View Database Features

The View Database Features displays your Gremlin Server's features as output by the graph.features() (excluding VariableFeatures) and will display the following:

  • Graph Features
  • Vertex Features
  • Edge Features
  • Vertex Property Features
  • Edge Property Features

See below a sample display of Database Features from G.V():

Database Features

Data Model Management

G.V() will attempt to load a "data model" (or "schema") for your graph database which consists of all known labels for edges and vertices as well as properties found on them.

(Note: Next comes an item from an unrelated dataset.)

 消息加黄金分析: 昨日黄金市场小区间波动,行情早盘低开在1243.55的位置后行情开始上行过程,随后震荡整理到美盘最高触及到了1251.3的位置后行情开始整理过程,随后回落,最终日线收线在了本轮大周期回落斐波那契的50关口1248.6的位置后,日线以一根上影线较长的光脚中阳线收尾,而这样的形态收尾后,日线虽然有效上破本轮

The data model specifically consists of the following:

  • A list of vertex labels
  • For each vertex label, a list of found properties and the type of the property (e.g. int, string, etc)
  • A list of edges defined by their label, in vertex label and out vertex label
  • For each edge, a list of found properties and the type of the property (e.g. int, string, etc)

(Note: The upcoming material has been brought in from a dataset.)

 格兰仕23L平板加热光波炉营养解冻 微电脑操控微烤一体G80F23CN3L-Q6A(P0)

Data model loading is an essential aspect of G.V() which influences many of the features of the application, such as the ability to suggest property keys, vertex/edge labels, etc whilst writing queries, the generation of stylesheets for the graph display, and many more.

It can be achieved in one of the two ways described below:

Remote Data Model Loading

By default, the data model will attempt to keep itself up to date automatically as you update your graph database from G.V(). The data model will be loaded on initial connection to your database, but can also be pro-actively reloaded by clicking on Connection Active from the Connection List sidebar, for instance if you modify your graph database structure from a separate Gremlin Console. There is currently no explicit support for JanusGraph nor DataStax Enterprise Graph's data model API, though this is a planned feature.


Remote Data Model Loading relies on your graph database being capable of returning results to certain complex queries in reasonable amount of time (< 5-10 minutes) and may be unsuitable for very large graphs. Should G.V() be uncapable of constructing the Data Model by querying your database, it will instead fall back to Local Data Model Construction

A Complex Data Model Loaded Displayed by G.V(): A Complex Data Model Loaded Displayed by G.V()

A Note on Remote Data Model Loading for JanusGraph

If your JanusGraph instance is configured to enforce a default schema (via the schema.default setting), G.V() will rely instead on the Schema Management API to load the data model. It's a considerably faster and more accurate way to construct the data model and we encourage enforcing a default schema on your database where practical, particularly for larger graphs.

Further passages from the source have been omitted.